* EXERCISE INSTRUCTIONS *
Your copy of the entries below should hold exactly the lines from the one containing "采纳这种仿制方法测量要精确,否则就会影响" to the one containing "التقييم الأسبوعي للصف", inclusive, and no pictures.

* EXERCISE MATERIAL *
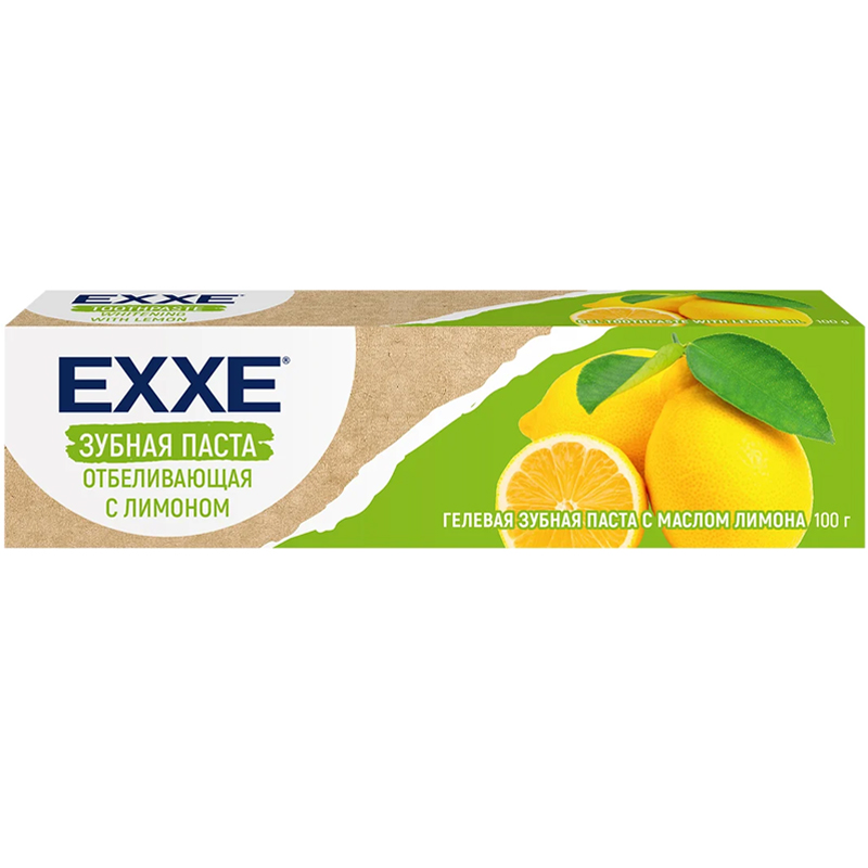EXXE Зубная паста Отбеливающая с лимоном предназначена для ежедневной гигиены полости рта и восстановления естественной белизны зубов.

==

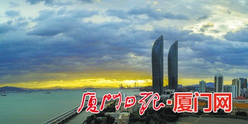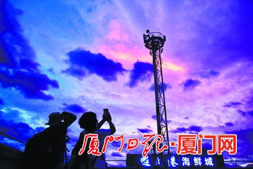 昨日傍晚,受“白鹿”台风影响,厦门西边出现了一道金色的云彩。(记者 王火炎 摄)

* * *

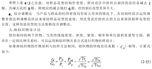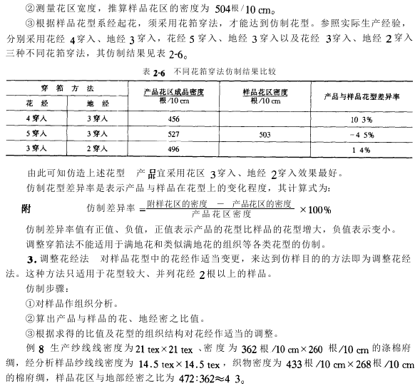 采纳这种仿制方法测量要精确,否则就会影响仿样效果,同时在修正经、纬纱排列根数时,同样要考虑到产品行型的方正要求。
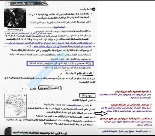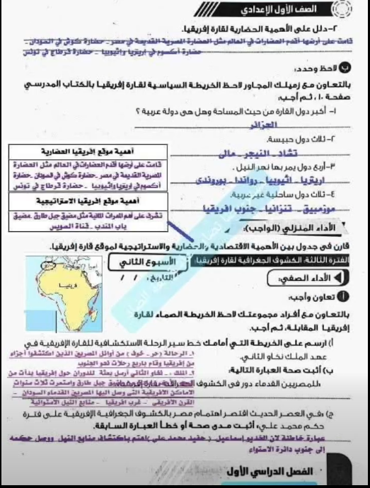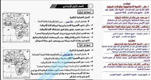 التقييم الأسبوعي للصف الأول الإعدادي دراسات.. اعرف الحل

* COMPLETED TASK *
 采纳这种仿制方法测量要精确,否则就会影响仿样效果,同时在修正经、纬纱排列根数时,同样要考虑到产品行型的方正要求。
 التقييم الأسبوعي للصف الأول الإعدادي دراسات.. اعرف الحل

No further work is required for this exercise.